Study links diabetes in dogs and cats with repeat pancreatitis markers

Dogs and cats with diabetes may have concurrent pancreatic disease more often than routine exams suggest, according to a new Journal of Small Animal Practice study that tracked pancreatic biomarkers over time in 52 dogs and 19 cats with diabetes mellitus. Investigators found serum pancreatic lipase concentrations in the range considered indicative of pancreatitis in 31% of dogs and 26% of cats at initial presentation, rising to 42% of dogs and 37% of cats at at least one recheck. By contrast, trypsin-like immunoreactivity concentrations consistent with exocrine pancreatic insufficiency were uncommon and seen only in dogs, affecting 4% at presentation and 6% at any re-examination. The paper was published online ahead of print on February 11, 2026, and involved researchers from the University of Thessaly, the University of Bologna, and Texas A&M’s Gastrointestinal Laboratory. (pubmed.ncbi.nlm.nih.gov)

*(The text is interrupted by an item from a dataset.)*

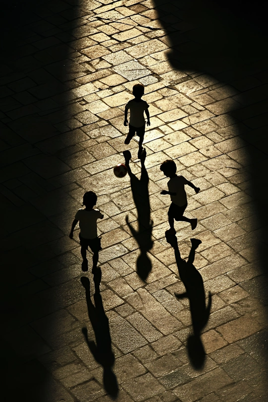 这张照片巧妙地运用了光影,捕捉了孩子们玩耍的瞬间,极具生活气息。色彩方面,暖色调的阳光洒在石板路上,营造出温馨的氛围。但整体色彩略显单一,后期可以尝试调整色彩平衡,增加一些层次感。光影处理是亮点,孩子们的身影在地面上投下长长的影子,增加了画面的趣味性和故事性。不过,部分区域的阴影略显生硬,可以适当柔化。构图上,从高角度俯拍,将孩子们和他们的影子纳入画面,主体突出,构图简洁。如果能稍微调整一下拍摄角度,让孩子们的位置更符合黄金分割点,视觉效果会更好。后期处理方面,整体效果自然,没有过度修饰的痕迹。但在暗部细节的处理上可以再下功夫,让画面更具层次感。主题原创性方面,抓拍孩子们玩耍的场景并不罕见,但这张照片的光影效果和构图方式赋予了其独特的魅力。情感共鸣方面,孩子们无忧无虑的玩耍,很容易引起观者的共鸣,让人回忆起童年的美好时光。思想深度方面,照片表达了童年的快乐和自由,同时也引发了对城市空间中儿童活动的思考。建议:尝试寻找更多具有对比度的色彩,增强视觉冲击力;在光影处理上更加精细,突出明暗对比,营造更强的氛围感;尝试不同的构图方式,寻找更具视觉冲击力的角度。

Why it matters: For veterinary teams managing diabetic patients, the study adds weight to the idea that pancreatic comorbidity can be intermittent, subclinical, and easy to miss if testing is done only once. That fits with earlier work showing increased canine pancreatic lipase immunoreactivity in some diabetic dogs even without overt clinical pancreatitis, and with feline literature suggesting elevated pancreatic lipase markers are relatively common in diabetic cats. Broader consensus guidance also supports pancreatic lipase immunoreactivity as the clinicopathologic test of choice when pancreatitis is suspected, while noting that diagnosis still works best when biomarker results are interpreted alongside history, exam findings, and imaging. (pubmed.ncbi.nlm.nih.gov)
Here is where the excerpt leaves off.